▶ **Task instructions**: Among the lines below, copy exactly those from the one with "VX系列二位三通直動式電磁閥,可提供定制" through the one with "A 60-minute lesson", counting both ends.

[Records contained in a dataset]
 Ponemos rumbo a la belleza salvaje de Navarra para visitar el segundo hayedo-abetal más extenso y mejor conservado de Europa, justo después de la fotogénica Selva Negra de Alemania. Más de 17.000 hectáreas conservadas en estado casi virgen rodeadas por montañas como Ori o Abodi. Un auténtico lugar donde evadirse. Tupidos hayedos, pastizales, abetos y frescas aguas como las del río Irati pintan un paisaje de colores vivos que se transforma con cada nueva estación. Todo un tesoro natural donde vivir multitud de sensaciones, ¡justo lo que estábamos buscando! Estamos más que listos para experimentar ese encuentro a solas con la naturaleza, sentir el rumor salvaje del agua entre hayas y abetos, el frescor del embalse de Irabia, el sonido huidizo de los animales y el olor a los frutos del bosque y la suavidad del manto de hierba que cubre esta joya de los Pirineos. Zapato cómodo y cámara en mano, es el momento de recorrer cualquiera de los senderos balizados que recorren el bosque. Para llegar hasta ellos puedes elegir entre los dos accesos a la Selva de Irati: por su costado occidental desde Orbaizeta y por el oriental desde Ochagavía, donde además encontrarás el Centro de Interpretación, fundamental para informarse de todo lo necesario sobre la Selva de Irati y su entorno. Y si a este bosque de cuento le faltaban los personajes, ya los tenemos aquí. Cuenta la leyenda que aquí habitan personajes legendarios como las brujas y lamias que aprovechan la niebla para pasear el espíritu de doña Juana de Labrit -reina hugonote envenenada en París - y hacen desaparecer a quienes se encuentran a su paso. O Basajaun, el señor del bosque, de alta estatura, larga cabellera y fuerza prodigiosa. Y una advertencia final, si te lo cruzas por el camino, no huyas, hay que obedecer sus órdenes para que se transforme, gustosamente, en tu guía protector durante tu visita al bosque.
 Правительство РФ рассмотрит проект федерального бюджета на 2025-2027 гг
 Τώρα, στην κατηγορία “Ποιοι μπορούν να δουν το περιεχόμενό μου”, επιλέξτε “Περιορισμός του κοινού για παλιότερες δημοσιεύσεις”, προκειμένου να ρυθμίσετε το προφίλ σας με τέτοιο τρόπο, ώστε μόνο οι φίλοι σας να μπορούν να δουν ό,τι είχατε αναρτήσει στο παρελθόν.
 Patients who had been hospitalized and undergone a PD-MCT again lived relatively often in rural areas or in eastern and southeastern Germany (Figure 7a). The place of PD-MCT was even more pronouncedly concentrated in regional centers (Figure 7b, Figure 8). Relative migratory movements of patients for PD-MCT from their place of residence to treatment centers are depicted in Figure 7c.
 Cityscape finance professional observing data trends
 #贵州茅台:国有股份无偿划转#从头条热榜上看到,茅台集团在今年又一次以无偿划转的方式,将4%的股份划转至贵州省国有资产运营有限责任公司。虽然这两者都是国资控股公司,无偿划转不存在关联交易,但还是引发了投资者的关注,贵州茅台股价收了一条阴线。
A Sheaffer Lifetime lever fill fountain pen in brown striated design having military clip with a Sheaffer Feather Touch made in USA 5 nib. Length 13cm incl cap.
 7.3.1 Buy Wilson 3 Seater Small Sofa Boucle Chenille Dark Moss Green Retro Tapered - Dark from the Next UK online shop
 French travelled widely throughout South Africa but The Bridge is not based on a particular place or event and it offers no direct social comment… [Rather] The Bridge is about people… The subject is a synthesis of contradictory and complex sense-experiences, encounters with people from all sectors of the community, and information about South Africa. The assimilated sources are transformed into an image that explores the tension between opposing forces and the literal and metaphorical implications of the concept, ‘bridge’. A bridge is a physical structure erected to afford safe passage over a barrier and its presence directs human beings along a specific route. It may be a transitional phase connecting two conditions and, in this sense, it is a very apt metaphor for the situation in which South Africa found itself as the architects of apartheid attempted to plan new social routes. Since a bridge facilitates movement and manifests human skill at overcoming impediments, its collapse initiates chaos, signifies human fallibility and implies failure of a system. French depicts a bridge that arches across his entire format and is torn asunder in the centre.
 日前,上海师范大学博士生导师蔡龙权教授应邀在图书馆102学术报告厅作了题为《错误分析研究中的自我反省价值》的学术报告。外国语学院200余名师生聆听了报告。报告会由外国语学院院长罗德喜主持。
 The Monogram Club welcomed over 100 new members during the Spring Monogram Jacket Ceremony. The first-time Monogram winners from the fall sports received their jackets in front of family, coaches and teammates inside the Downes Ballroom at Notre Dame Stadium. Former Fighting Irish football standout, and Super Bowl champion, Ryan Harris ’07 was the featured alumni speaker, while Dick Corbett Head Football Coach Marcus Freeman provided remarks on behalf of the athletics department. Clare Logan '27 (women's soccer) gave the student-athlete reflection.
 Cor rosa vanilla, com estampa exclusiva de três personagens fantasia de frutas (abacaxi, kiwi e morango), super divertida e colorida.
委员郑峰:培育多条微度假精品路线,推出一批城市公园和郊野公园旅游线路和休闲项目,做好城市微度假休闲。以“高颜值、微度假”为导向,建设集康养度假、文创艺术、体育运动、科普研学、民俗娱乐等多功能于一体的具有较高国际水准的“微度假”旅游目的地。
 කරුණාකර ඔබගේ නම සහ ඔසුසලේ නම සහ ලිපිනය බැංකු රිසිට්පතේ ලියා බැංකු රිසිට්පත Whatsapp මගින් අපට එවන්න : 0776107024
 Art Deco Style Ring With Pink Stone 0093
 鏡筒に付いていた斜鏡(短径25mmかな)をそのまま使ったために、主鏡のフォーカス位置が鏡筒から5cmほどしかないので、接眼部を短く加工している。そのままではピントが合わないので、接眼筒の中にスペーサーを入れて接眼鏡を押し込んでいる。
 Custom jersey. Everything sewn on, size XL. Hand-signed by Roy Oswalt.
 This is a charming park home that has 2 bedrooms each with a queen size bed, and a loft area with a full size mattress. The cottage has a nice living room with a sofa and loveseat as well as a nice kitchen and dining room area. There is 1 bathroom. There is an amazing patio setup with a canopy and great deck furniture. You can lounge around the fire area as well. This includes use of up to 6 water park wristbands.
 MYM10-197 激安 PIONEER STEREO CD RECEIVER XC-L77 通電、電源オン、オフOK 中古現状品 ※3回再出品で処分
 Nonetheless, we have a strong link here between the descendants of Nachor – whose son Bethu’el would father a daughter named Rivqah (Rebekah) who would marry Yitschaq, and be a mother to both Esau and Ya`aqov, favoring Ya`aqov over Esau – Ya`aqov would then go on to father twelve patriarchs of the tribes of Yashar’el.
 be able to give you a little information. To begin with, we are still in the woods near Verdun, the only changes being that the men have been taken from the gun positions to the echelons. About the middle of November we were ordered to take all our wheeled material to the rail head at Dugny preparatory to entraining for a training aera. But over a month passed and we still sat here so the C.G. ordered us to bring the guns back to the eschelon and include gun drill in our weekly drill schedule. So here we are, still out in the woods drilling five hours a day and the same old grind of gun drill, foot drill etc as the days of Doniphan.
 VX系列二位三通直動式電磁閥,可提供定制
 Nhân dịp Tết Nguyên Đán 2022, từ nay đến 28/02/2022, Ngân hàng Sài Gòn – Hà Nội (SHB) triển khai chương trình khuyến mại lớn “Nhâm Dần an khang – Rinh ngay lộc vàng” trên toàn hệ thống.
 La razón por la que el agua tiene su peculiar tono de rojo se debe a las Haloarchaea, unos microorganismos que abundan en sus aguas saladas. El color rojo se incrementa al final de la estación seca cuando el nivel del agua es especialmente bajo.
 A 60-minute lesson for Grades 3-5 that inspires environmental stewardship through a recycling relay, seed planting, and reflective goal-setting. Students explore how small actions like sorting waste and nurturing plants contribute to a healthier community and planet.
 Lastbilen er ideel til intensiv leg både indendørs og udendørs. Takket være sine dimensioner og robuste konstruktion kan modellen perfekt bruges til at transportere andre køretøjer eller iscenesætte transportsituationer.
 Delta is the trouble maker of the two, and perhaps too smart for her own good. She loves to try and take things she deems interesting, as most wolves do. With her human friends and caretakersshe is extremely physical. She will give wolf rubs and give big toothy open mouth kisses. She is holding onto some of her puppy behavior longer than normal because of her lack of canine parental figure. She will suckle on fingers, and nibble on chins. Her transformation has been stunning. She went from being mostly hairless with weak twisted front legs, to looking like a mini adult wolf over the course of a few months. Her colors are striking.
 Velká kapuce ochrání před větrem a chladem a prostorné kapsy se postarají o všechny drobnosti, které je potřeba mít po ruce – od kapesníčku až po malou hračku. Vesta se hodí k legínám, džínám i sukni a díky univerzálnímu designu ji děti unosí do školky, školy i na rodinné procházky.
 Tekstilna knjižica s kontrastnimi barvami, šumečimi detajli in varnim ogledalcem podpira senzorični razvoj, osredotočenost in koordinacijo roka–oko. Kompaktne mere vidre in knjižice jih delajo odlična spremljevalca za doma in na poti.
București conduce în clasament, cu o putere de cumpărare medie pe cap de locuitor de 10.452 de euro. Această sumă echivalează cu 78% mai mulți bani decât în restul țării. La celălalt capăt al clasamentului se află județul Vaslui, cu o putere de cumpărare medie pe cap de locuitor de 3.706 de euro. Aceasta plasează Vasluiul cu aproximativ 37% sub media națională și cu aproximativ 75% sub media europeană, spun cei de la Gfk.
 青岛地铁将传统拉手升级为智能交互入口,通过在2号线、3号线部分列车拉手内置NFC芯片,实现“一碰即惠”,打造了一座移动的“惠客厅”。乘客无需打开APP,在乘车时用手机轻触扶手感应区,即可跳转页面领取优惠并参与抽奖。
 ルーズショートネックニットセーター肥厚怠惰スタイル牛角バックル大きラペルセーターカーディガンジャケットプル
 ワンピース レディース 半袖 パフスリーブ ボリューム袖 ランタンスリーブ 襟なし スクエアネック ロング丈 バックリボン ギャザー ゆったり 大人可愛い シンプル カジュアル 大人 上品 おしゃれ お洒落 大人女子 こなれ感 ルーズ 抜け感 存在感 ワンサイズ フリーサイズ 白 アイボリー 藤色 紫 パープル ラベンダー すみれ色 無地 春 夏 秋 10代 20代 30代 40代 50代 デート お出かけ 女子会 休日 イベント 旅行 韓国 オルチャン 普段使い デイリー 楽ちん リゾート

▶ **Your solution**:
 VX系列二位三通直動式電磁閥,可提供定制
 Nhân dịp Tết Nguyên Đán 2022, từ nay đến 28/02/2022, Ngân hàng Sài Gòn – Hà Nội (SHB) triển khai chương trình khuyến mại lớn “Nhâm Dần an khang – Rinh ngay lộc vàng” trên toàn hệ thống.
 La razón por la que el agua tiene su peculiar tono de rojo se debe a las Haloarchaea, unos microorganismos que abundan en sus aguas saladas. El color rojo se incrementa al final de la estación seca cuando el nivel del agua es especialmente bajo.
 A 60-minute lesson for Grades 3-5 that inspires environmental stewardship through a recycling relay, seed planting, and reflective goal-setting. Students explore how small actions like sorting waste and nurturing plants contribute to a healthier community and planet.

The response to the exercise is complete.